CHARLES Stewart Henry Vane Tempest Stewart, seventh Marquess of Londonderry, played a central though now largely overlooked role in political life in the immediate post-partition years of Northern Ireland, serving most notably as the first minister of education from 1921-1926. A century later, what can we learn today from this intriguing figure?
The seventh Marquess (Londonderry) was born on May 13 1878 into one of the wealthiest and most powerful Anglo-Irish aristocratic families, with houses at Mountstewart, Park Lane in London and Co Durham (location of the family’s rich coalfields).
A cousin of Churchill and on first name terms with the king, Londonderry was inspired by his ancestor, Viscount Castlereagh (the second Marquess), who had been instrumental in securing the passage of the Irish Act of Union with Britain in 1800, and had orchestrated the Congress of Vienna in 1815.
The sixth Marquess (Londonderry’s father) had also served as Lord Lieutenant of Ireland (1886-1889) – his son recalled entering Dublin as a young boy in a state procession to cheering crowds.
After schooling at Eton, officer training at Sandhurst and a military career in the Royal Horse Guards which included active service at the Somme, Londonderry entered politics reluctantly and out of a sense of duty to his father who encouraged him to stand for election to parliament at Westminster in 1906.
Having accepted Sir James Craig’s invitation to leave Westminster and join the new Northern Ireland government, Londonderry’s career as leader of the Senate and first minister of education in Northern Ireland is often derided as a failure.
He is perhaps best remembered for the 1923 Education Act (also known as the Londonderry Act) which was a bold piece of legislation for its time. If successful, the act would have created a school system free from religious denominationalism under local education authority control but his vision was ultimately thwarted by trenchant clerical opposition from both sides of the community.
In the first instance, resistance came from the Catholic Church whose suspicions were raised from the outset by the potential loss of influence if they were to transfer full control of their schools to the state, even if it would have meant access to capital funding.

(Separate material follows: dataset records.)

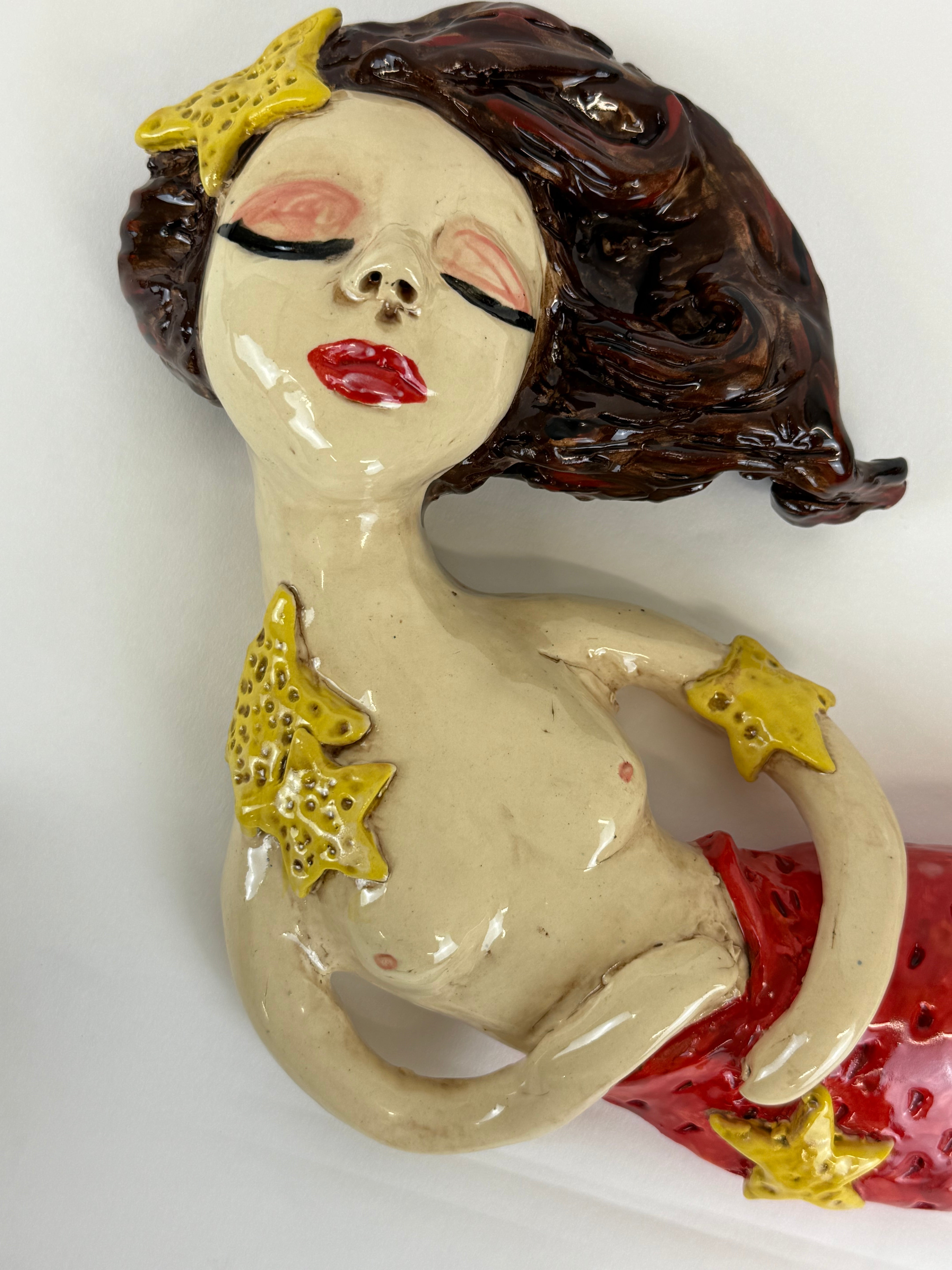 This wall mermaid handmade and sculpted and then handpainted with coloured underglaze colours and adorned with embellishments and finished with a clear glaze.
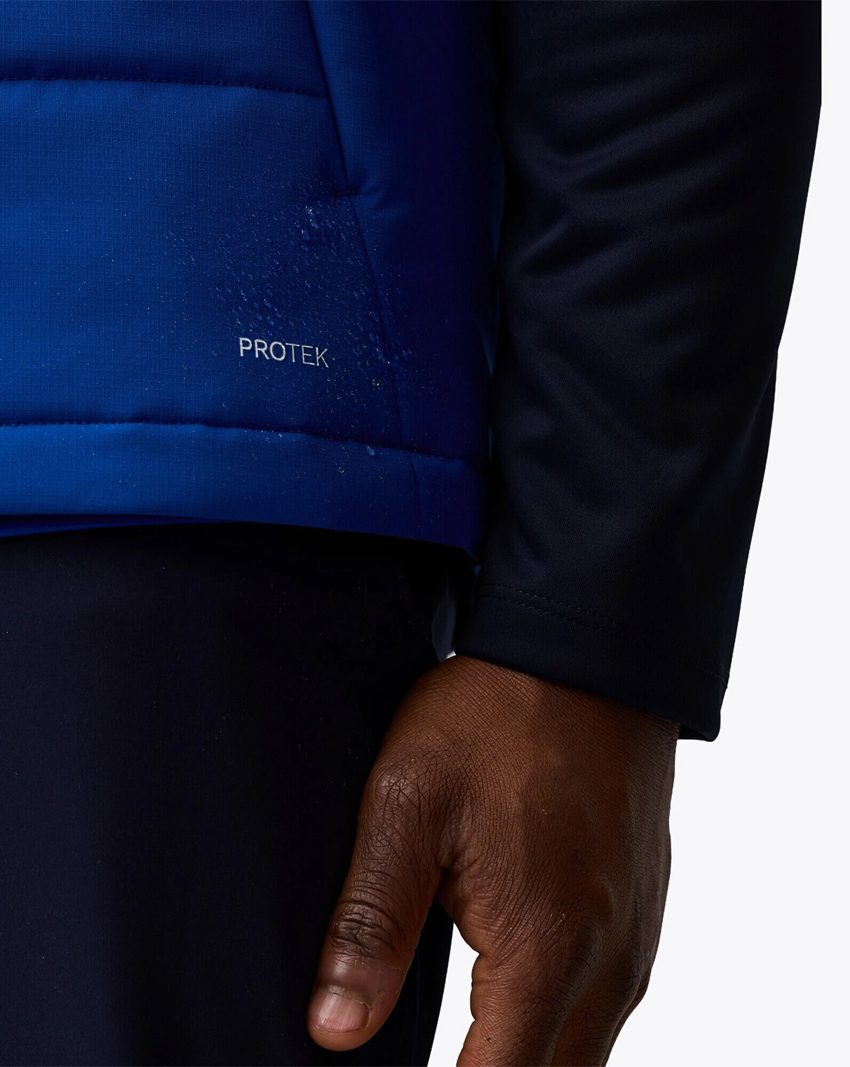 Oficjalna kamizelka Oracle Red Bull Racing od Castore pochodzi z najnowszej kolekcji zespołu na sezon 2026. Zaprojektowana na zmienne warunki, łączy wygodę noszenia z dodatkową ochroną przed chłodem i wilgocią. Technologia ProTek zapewnia hydrofobowe wykończenie, które pomaga chronić przed deszczem, a trwała konstrukcja z membraną TPU zwiększa odporność i elastyczność materiału. Całość uzupełnia nowa kolorystyka oraz oficjalne logotypy zespołu i partnerów.
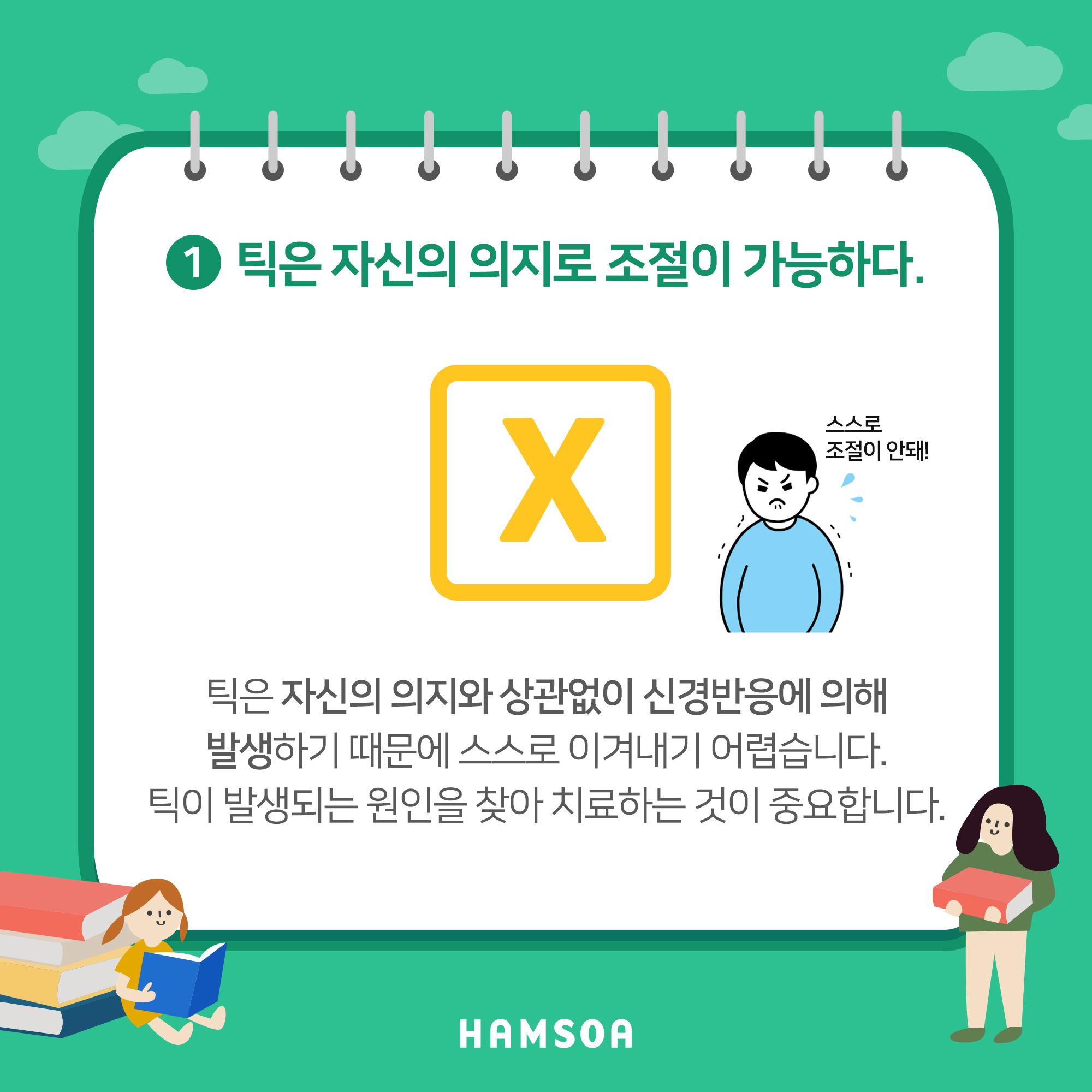 틱은 자신의 의지와 상관없이 신경 반응에 의해 발생하기 때문에 스스로 이겨내기 어렵습니다.

Archbishop Michael Logue wrote to Londonderry rejecting his invitation to nominate Catholic representatives to the Lynn Committee (established to propose the detail of the educational reform) in September 1921 fearing that the committee would be used “as a foundation and pretext” for an “attack… against our Catholic schools”.
Londonderry wrote to the Lord Lieutenant (Viscount FitzAlan – a Catholic) invoking his support and claiming that he would “do anything to raise this committee above all political and sectarian prejudices” but to no avail.
Instead, the Catholic clerical primary school managers met in Dublin in October 1921 and made their position quite clear: “in view of pending changes in Irish education, we wish to reassert the great fundamental principle that the only satisfactory system of education for Catholics is one wherein Catholic children are taught in Catholic schools by Catholic teachers under Catholic auspices.”
The subsequent 1923 Education Act, based largely on the Lynn Committee’s recommendations but with an amendment by Londonderry to prohibit local education authorities from providing any denominational religious instruction in transferred schools, also subsequently provoked a growing campaign of resistance led by the Protestant churches who feared that the reforms would create “godless” schools through preventing the delivery by teachers of “a programme of simple Bible instruction” in transferred schools.
The Protestant churches were also incensed by the stipulation in the act that forbade the appointment of teachers to transferred schools based on religious affiliation.
While Londonderry was intent to ride out the bitter storm, his fate was eventually sealed when Craig withdrew his support, fearful of the mounting campaign which was threatening to split unionism.
Disillusioned by the opposition to his education reforms, humiliated and frustrated by his growing alienation from the unionist leadership, and increasingly distracted by the impact of the turbulent general strike on his Durham coalfields, Londonderry resigned in early 1926. His subsequent ministerial career at Westminster in the 1930s would be remembered most for another failure: his support of appeasement with Hitler, an attempt, he felt, to bring lasting peace to Europe and avoid a repeat of the horrors of 1914-18.
So how should Londonderry’s term as minister of education be remembered?
Admittedly, his reforms came to little, despite his best intentions. Had they succeeded, however, they could have brought a single, non-denominational education system which still eludes us a century later.
Should he be viewed as a progressive visionary ahead of his time, thwarted only by clerical self-interest and internal unionist insecurity, or rather as a detached patrician too far removed from the everyday realpolitik to pre-empt the partisan feuding of a deeply divided post-partition Ireland?
Perhaps he was both, and his experience of Northern Ireland politics certainly left him bruised and frustrated, but notwithstanding his flaws, I would argue that he should be given credit for his audacious plans to overcome historical divisions and create a common education system for all.
Just think, if his plans had succeeded, where would our education system be today?
:: Dr Noel Purdy is director of research and scholarship at Stranmillis University College, Belfast.